The histogram backprojection algorithm was proposed by Swain and Ballard in their article “Color Indexing”. If you did not read my previous post about histogram intersection you should do it, since backprojection can be considered complementary to intersection. Using the terminology of Swain and Ballard we can say that the intersection answers to the question “What is the object we are looking to?”, whereas the backprojection answers to the question “Where in the image are the colors that belong to the object being looked for (the target)?”. How does the backprojection work? Given the image histogram \(I\) and the model histogram \(M\) we define a ratio histogram \(R\) as follow:

\[R_{i} = min \bigg( \frac{M_{i}}{I_{i}}, 1 \bigg)\]

We define also a function \(h(c)\) that maps the colour \(c\) of the pixel at \((x, y)\) to the value of the histogram \(R\) it indexes. Using the slang of Swain and Ballard we can say that the function \(h(c)\) backprojects the histogram \(R\) onto the input image. The backprojected image \(B\) is then convolved with a disk \(D\) of radius \(r\). The authors recommend to choose as area of \(D\) the expected area subtended by the object. If you want more technical details I suggest you to read the original article which is not so long and it is well written. Since the backprojection process can be hard to grasp I realised an image which explain what’s going on:

backprojection

To simplify I took into account a single channel greyscale image and I considered the first (3x4) pixels on the top right corner.

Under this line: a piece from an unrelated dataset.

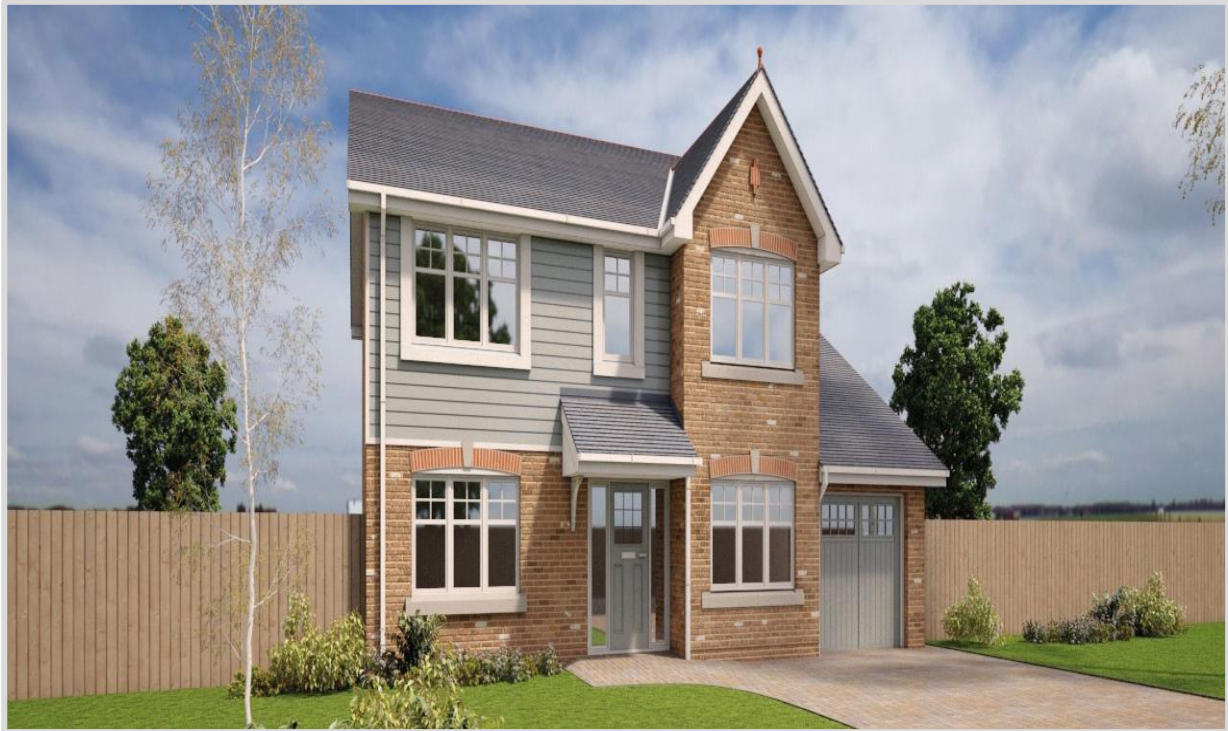
“The Oxford”, Royal Park (Phase 2), Ramsey Prices from £389,999

The latest development of homes at Royal Park, Ramsey, will be made up of 81 detached 4 and 5 bed houses situated just a minute away from Mooragh Park, promenade and beach. Each property will feature open-plan, fully-fitted dining kitchens, bi-fold doors to rear patio, garages and off-road parking.

Each pixel has a value in the range [0,250]. Tthe pixel at the location (1,2) has a value of 179. We have to access the ratio histogram \(R\) and find the bin which corresponds to 179. Using a 10 bins histogram the position representing the value 179 is the number eight (bin [175, 200]). The value stored in this position (1.0) is taken and assigned to the location (1,2) of the output matrix, the image \(B\). This is the backprojection in a nutshell. Ok, it is time to write some code…

Implementation in python

Let’s start implementing the algorithm step-by-step in Numpy. The code below works with one dimensional histograms (greyscale image) but it can be easily extended to work with multi-dimensional histograms. For multidimensional histogram it is necessary to use the method numpy.histogramdd instead of the standard numpy.histogram. The name of the variables I am going to use is the same used by Swain and Ballard in their article. First of all we need a function to get the ratio histogram \(R\) given the model histogram \(M\) and the image histogram \(I\).

def return_ratio_histogram(M, I):
    ones_array = np.ones(I.shape)
    R = np.minimum(np.true_divide(M, I), ones_array)
    return R

The next step is the equivalent of the function \(h(c)\) which maps the pixel of the input image to the value of the ratio histogram \(R\). Here I supposed that the bins were equally spaced and that the highest pixel value was 255, however this is not always the case:

def return_backprojected_image(image, R):
    indexes = np.true_divide(image.flatten, 255)*R.shape[0]
    B = R.astype(int)[indexes]
    return B

We call B the image returned by the return_backprojected() method. In the next step we apply a circular convolution of radius r to the backrpojected image B. Numpy does not implement a 2D convolution operator we use the OpenCV method cv2.filter2D:

def convolve(B, r):
    D = cv2.getStructuringElement(cv2.MORPH_ELLIPSE,(r,r))
    cv2.filter2D(B, -1, D, B)
    B = np.uint8(B)
    cv2.normalize(B, B, 0, 255, cv2.NORM_MINMAX)
    return B

Implementing the algorithm from scratch is not necessary because OpenCV has an useful function called calcBackProject. I will use this function to isolate the tiger’s fur in the image below (which you can download here):

tiger

import cv2
import numpy as np

#Loading the image and converting to HSV
image = cv2.imread('tiger.jpg')
image_hsv = cv2.cvtColor(image,cv2.COLOR_BGR2HSV)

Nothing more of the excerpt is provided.